HP: As I explained to John K, what I mean
by physical laws is what Rosen calls natural causes. Physicists and Rosen
believe that everything follows natural causes.
Judith:
Physics, as a science, is less than helpful in analyzing any system which
has an organization where the organization supplies more "causality" than
the parts alone do. Frankly, I see this as being true even in "simple"
systems, like chemical reactions, but you can pretend it isn't and get
away with it.
HP: I agree, and so do physicists. They regard chemistry
as requiring different models. Nevertheless, no fundamental physical laws
are violated by chemistry. In the traffic-rules analog, you might think of
physical laws as the stop signs and chemical reactions as the
traffic.
New topic:
>HP: "The concept of Biosemiotics
requires making a distinction between two >categories, the material or
physical world and the symbolic or semantic >world. The problem is that
there is no obvious way to connect the two >categories. . .
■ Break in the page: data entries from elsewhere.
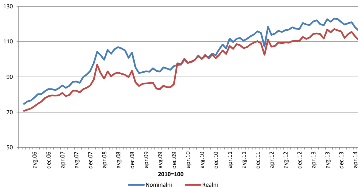
Indeksi prometa trgovine na malo, desezonirana serija BiH (2010=100)

Indeks prometa trgovine na malo u BiH u maju 2014. godine ostvario je nominalni rast od 16,3% dok je realni indeks veći za 10,9%, u odnosu na baznu (2010.) godinu. Dati podaci su desezonirani.
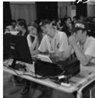
▲作品セレクト会議(手前はキャンモア高校チーム)=7月31日、文化芸術交流センターで=
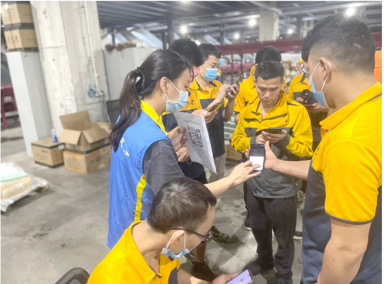
中山市小榄镇工会干部走进新就业形态劳动者当中宣讲工会政策 / 资料图
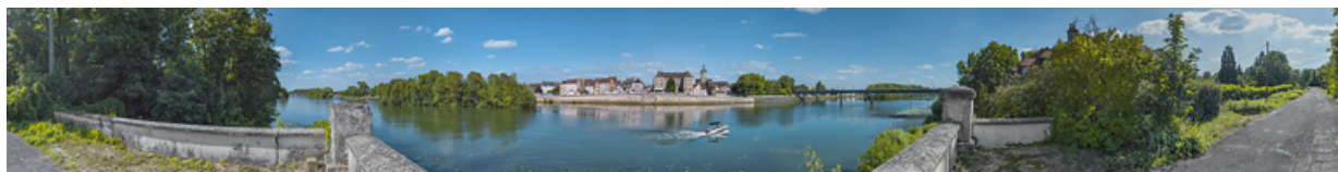
La ville de Seurre et ses quais, vus depuis l'ancienne culée du pont.
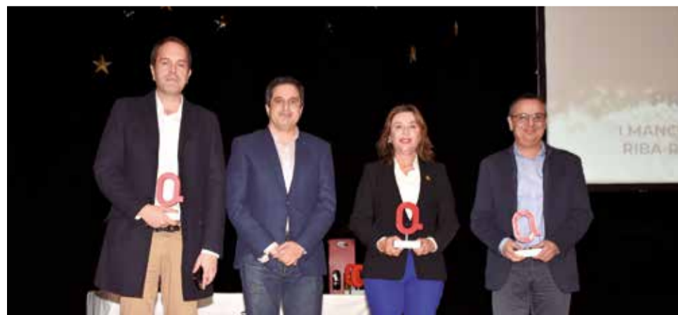
Premi Economia a la Mancomunitat Industrial A3. / P.G.
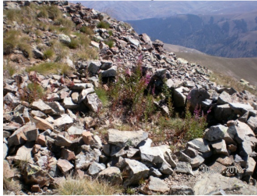
Resim 1. Halbaba dilek kuyusu

Başka bir kaynak kişi, çocukluk anılarını anlatarak başladığı sohbette “ çocuk sahibi olamayan kadınların buradaki yatır aracılığıyla dua ettiklerini ve kısa sürede çocuk sahibi olduklarını belirtmiştir. Aynı kaynak kişi “çocukluk yıllarında koyun otlatırken Halbaba’da uyduğunu ve rüyasında aksakallı bir dervişini namaz kılarken gördüğünü söylemiştir ” (Tös, 2013). Tüm bunların dışında 2007 yılında gerçekleştirdiğimiz alan araştırması sırasında Halbaba’da pek çok kişiyle konuşma fırsatı bulduk. Bu konuşmalarda kesin olan Halbaba’da dilenen dileklerin kabul olduğudur.
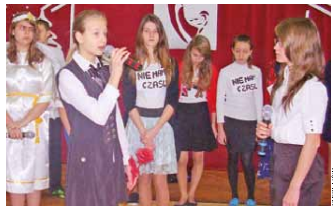
Uczniowie SP w Bolimowie w swych jasełkach wykorzystali postać Małego Księcia.
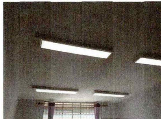
Troca de lâmpadas de LED refeitório pq.
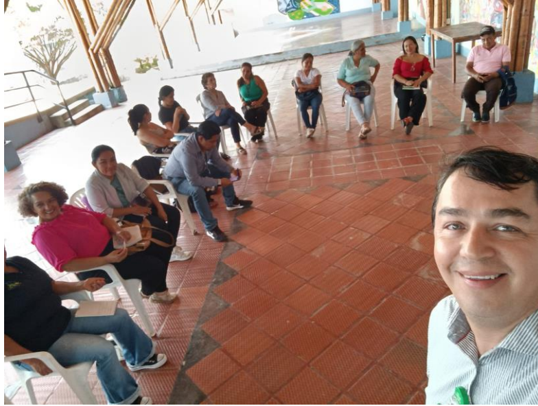
Formación en fortalecimiento en mercadeo y ventas 11 de marzo ficha 3177904
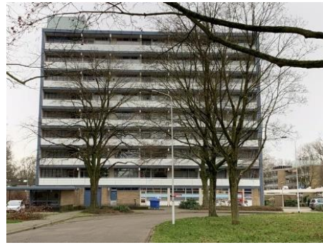
Houtsmastraat en 13 t/m 63

In fact, how material structures serve as signals, >instructions, and
controls is inseparable from the problem of the origin >and evolution
of life. Biosemiotics was established as a necessary >complement to the
physical-chemical reductionist approach to life that >cannot make this
crucial categorical distinction necessary for describing >semantic
information. Matter as described by physics and chemistry has no
>intrinsic function or semantics. By contrast, biosemiotics recognizes
that >life begins with function and semantics." (Pattee, J.
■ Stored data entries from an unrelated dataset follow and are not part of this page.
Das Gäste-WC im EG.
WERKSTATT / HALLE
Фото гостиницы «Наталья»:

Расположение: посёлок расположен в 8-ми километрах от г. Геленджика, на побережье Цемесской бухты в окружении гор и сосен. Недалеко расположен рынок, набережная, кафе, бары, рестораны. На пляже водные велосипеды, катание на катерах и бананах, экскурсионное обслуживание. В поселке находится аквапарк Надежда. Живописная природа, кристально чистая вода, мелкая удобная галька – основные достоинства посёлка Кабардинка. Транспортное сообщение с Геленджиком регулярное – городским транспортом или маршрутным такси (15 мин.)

Biosemiotics 1, in press) > >Judith: Again, what the above doesn't
acknowledge is the foundational >issue of how these two "worlds"
(material/physical and symbolic/semantic) >interact to make each other
possible.
HP: The above paragraph is only the first paragraph of the
paper, the subject of which acknowledges: "the foundational issue of how
these two "worlds" (material/physical and symbolic/semantic) interact to
make each other possible."
I will send the whole paper if you wish,
but I do not claim to have the whole answer!